1番年上の美女は、グラスを傾けながら淡々と、
「ま、世間話をの」
「ほう? 世間話」
「なんか、クレティーナさんが年下の男の子が好みなんじゃないかって言ってたよ」
「おい、シーナ」
「まぁ」
彼女は口に手を当て、驚く。
レオナックさんは暴露した僕を困ったように睨んでくる。
(あはは、ごめんなさい)
僕は笑いながら、目線で謝る。
2人とも優しいから、つい……ね。
そんな僕を見て、
「ええ、そうですね。

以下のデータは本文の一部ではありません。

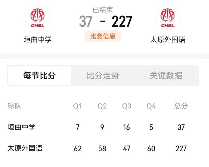 而仅过了一天,太原外国语学校就以227分的夸张得分刷新了这一纪录。四节比分分别为62-7、58-9、47-16、60-5。

シーナみたいな素敵な男の子でしたら、きっと好きになってしまうかもしれませんね」
と、甘く微笑む。
(う~ん、大人の余裕~)
からかうつもりが、簡単にやり返される。
でも、内心、
ドキッ
とした。
と、白い手が僕の髪を撫でる。
「ふふっ」
飼い犬を可愛がるような手つき。
なんか、気持ちいい。
でも、
(この頭に『葉っぱ』が生えるなんて知っても、可愛がってくれるのかな?)
と、ふと思ったり。
…………。
…………。
…………。
その後も2人の美女の会話を聞いたりしながら、やがて、僕らは食堂をあとにしたんだ。